1. A toy of height 18.4 cm is balanced in front of a converging lens. An inverted, real image of height 33 cm is noticed on the other side of the lens. What is the magnification of the lens?

2. A convex lens or a magnifying glass is held 2.00 cm above a page to magnify the print. If the image produced by the lens is 3.60 cm away and virtual, what is the focal length of the magnifying glass?

3. A camera with a 200mm lens (focal length) makes a real image of a bird on film. The film is located 201 mm behind the lens. Determine the distance from the lens to the bird.

4. An object 5.50cm high is placed 100 cm from a converging lens that has a focal length of 40.0 cm.
a. Calculate the image distance
B.Calculate the image height

1. To find the magnification of the lens, we need to use the magnification formula:

Magnification (m) = Image height (hi) / Object height (ho)

In this case, the object height (ho) is given as 18.4 cm and the image height (hi) is given as 33 cm.

m = 33 cm / 18.4 cm

m ≈ 1.793

Therefore, the magnification of the lens is approximately 1.793.

2. To find the focal length of the magnifying glass, we can use the lens formula:

1/f = 1/v - 1/u

Where:
f = focal length
v = image distance
u = object distance

In this case, the image distance (v) is given as 3.60 cm and the object distance (u) is the distance between the lens and the page, which is 2.00 cm.

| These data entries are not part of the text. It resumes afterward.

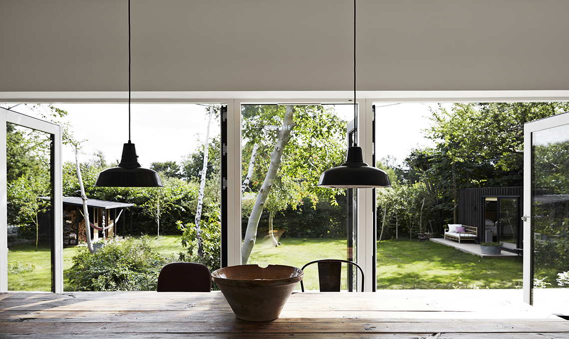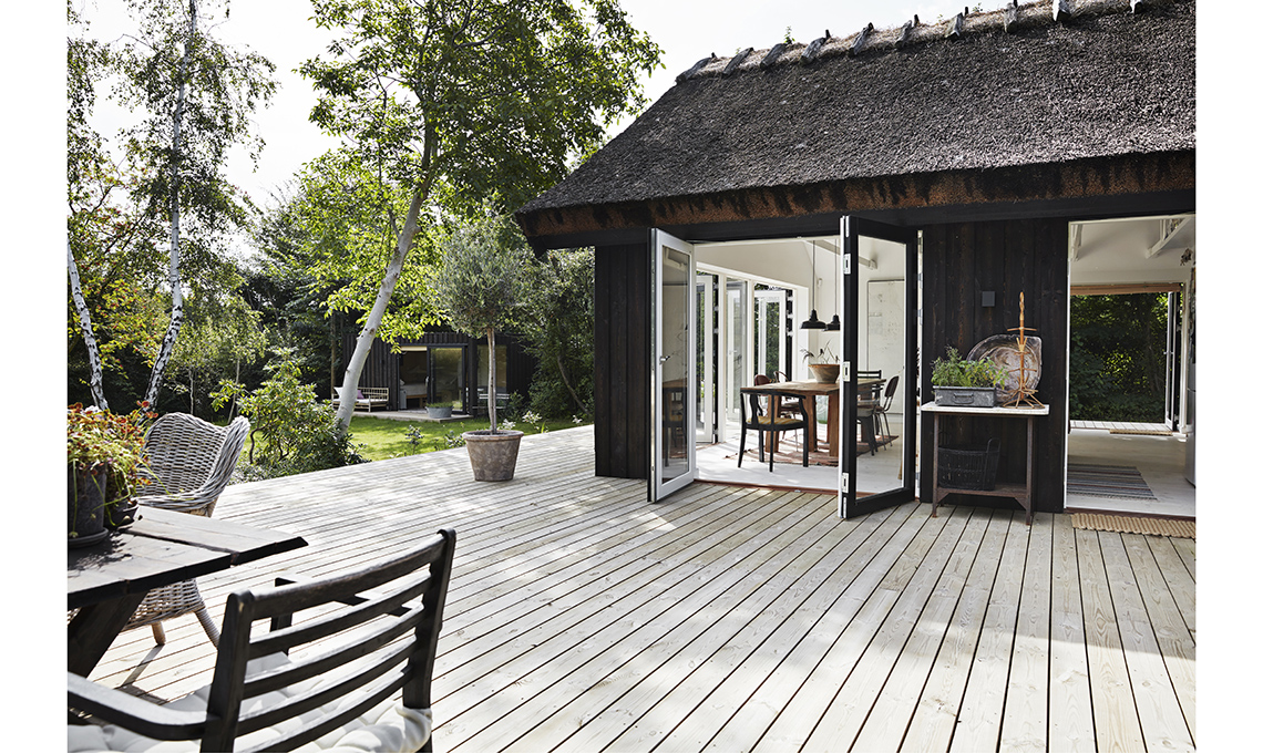 La pavimentazione in legno sbiancato continua all'esterno sulla terrazza in cui trova spazio la zona pranzo all'aperto.
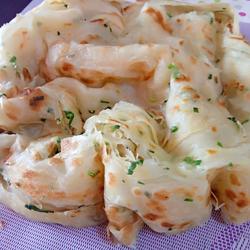 5. Make a rectangular shape and spread it with pastry and scallion oil.
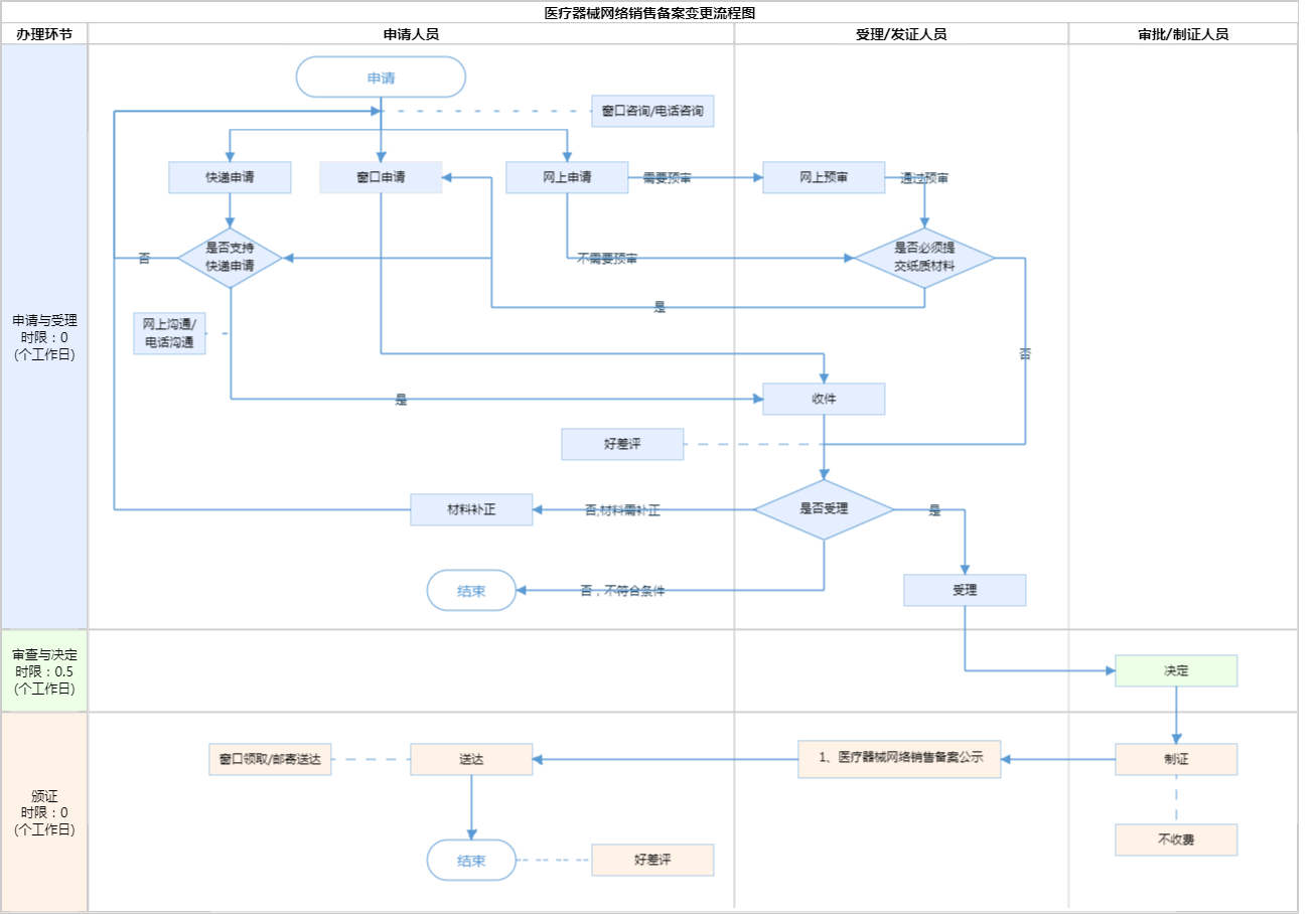 第八条 从事医疗器械网络销售的企业,应当填写医疗器械网络销售信息表,将企业名称、法定代表人或者主要负责人、网站名称、网络客户端应用程序名、网站域名、网站IP地址、电信业务经营许可证或者非经营性互联网信息服务备案编号、医疗器械生产经营许可证件或者备案凭证编号等信息事先向所在地设区的市级食品药品监督管理部门备案。相关信息发生变化的,应当及时变更备案。(来源:医疗器械网络销售监督管理办法) 1.材料齐全,填写完整;
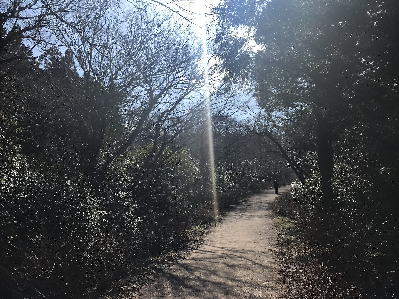 그리고 한참을 내 발소리 밖에는 들리지 않았다. 간간히 보이던 사람들은 한 명도 보이지 않았다. 풍경을 담기 위해 잠시 멈췄던 것이 간격을 만들었나 보다. 다시 걷기 시작하니, 멀리서 천천히 힘겹게 산을 오르는 어르신 모습이 보였다. 한 손에는 생수를 든 채, 오르막길을 오르시는 발걸음에 삶의 무게가 느껴졌다. 그 분이 검지 한 마디 만큼 작아졌을 때, 갑자기 핸드폰을 꺼내 카메라를 작동시켰다. 찰칵.찰칵.찰칵. 무음이라 소리는 나지 않았다. 점처럼 작아지는 어르신을 카메라에 담았다. 그리고 고독이라 제목을 붙였다. 어쩌면 누군가 그 시간, 내 뒷모습을 카메라에 담아 또 다른 제목을 붙였을 지도.
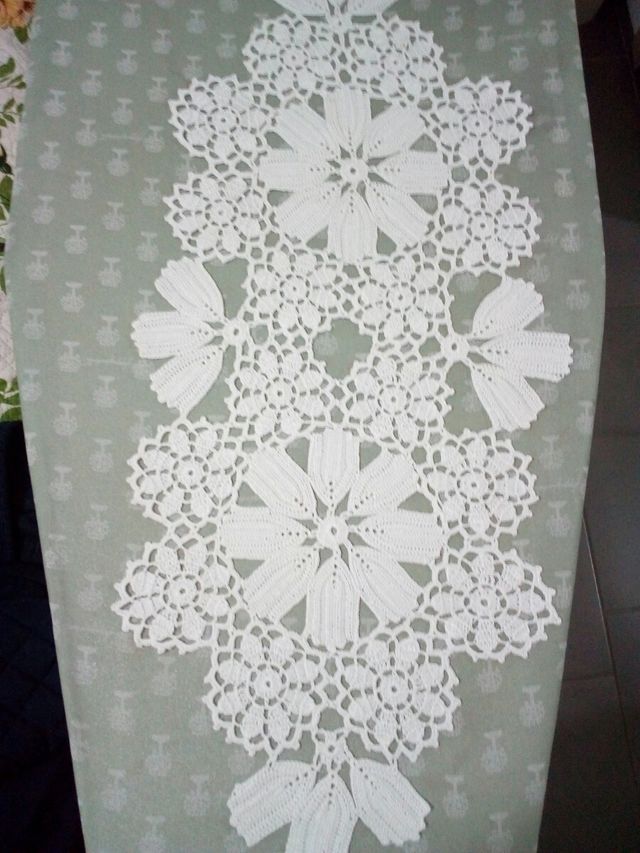 centrino centro tavola fatto a mano con uncinetto fillo di cotone,nuovo, colore bianco, misure 80x35cm, bellissimo.

1/f = 1/3.60 cm - 1/2.00 cm

Simplifying the equation, we can find the value of the focal length.

1/f ≈ 0.278 cm^(-1)

f ≈ 3.60 cm

Therefore, the focal length of the magnifying glass is approximately 3.60 cm.

3. To find the distance from the lens to the bird, we can use the lens formula again:

1/f = 1/v - 1/u

In this case, the focal length (f) is given as 200 mm (or 20 cm), and the object distance (u) is the distance from the lens to the bird, which we need to find. The image distance (v) is given as 201 mm (or 20.1 cm).

1/20 cm = 1/20.1 cm - 1/u

Simplifying the equation:

1/20 cm ≈ 0.0499 cm^(-1)
1/20.1 cm ≈ 0.04975 cm^(-1)

0.0499 cm^(-1) = 0.04975 cm^(-1) - 1/u

Rearranging the equation and solving for u:

1/u ≈ 0.04975 cm^(-1) - 0.0499 cm^(-1)

1/u ≈ -0.00015 cm^(-1)

u ≈ -6666.67 cm

Since distance cannot be negative, we can discard the negative sign and conclude that the distance from the lens to the bird is approximately 6666.67 cm.

4. a. To calculate the image distance, we can again use the lens formula:

1/f = 1/v - 1/u

In this case, the focal length (f) is given as 40.0 cm. The object distance (u) is given as 100 cm.

1/40.0 cm = 1/v - 1/100 cm

Simplifying the equation:

1/40.0 cm ≈ 0.025 cm^(-1)
1/100 cm ≈ 0.01 cm^(-1)

0.025 cm^(-1) = 0.01 cm^(-1) - 1/v

Rearranging the equation and solving for v:

1/v ≈ 0.01 cm^(-1) - 0.025 cm^(-1)

1/v ≈ -0.015 cm^(-1)

v ≈ -66.67 cm

Since distance cannot be negative, we discard the negative sign and conclude that the image distance is approximately 66.67 cm.

b. To calculate the image height, we can use the magnification formula:

Magnification (m) = Image height (hi) / Object height (ho)

In this case, the object height (ho) is given as 5.50 cm and the magnification (m) can be calculated using the previously calculated image height:

m = -V/u (Negative sign indicates that the image is inverted)

m = -66.67 cm / 100 cm

m ≈ -0.6667

Now, we can find the image height by multiplying the magnification by the object height:

Image height (hi) = -0.6667 * 5.50 cm

hi ≈ -3.67 cm

Since the height of the image is negative, it indicates that the image is inverted.

Therefore, the image height is approximately 3.67 cm and it is inverted.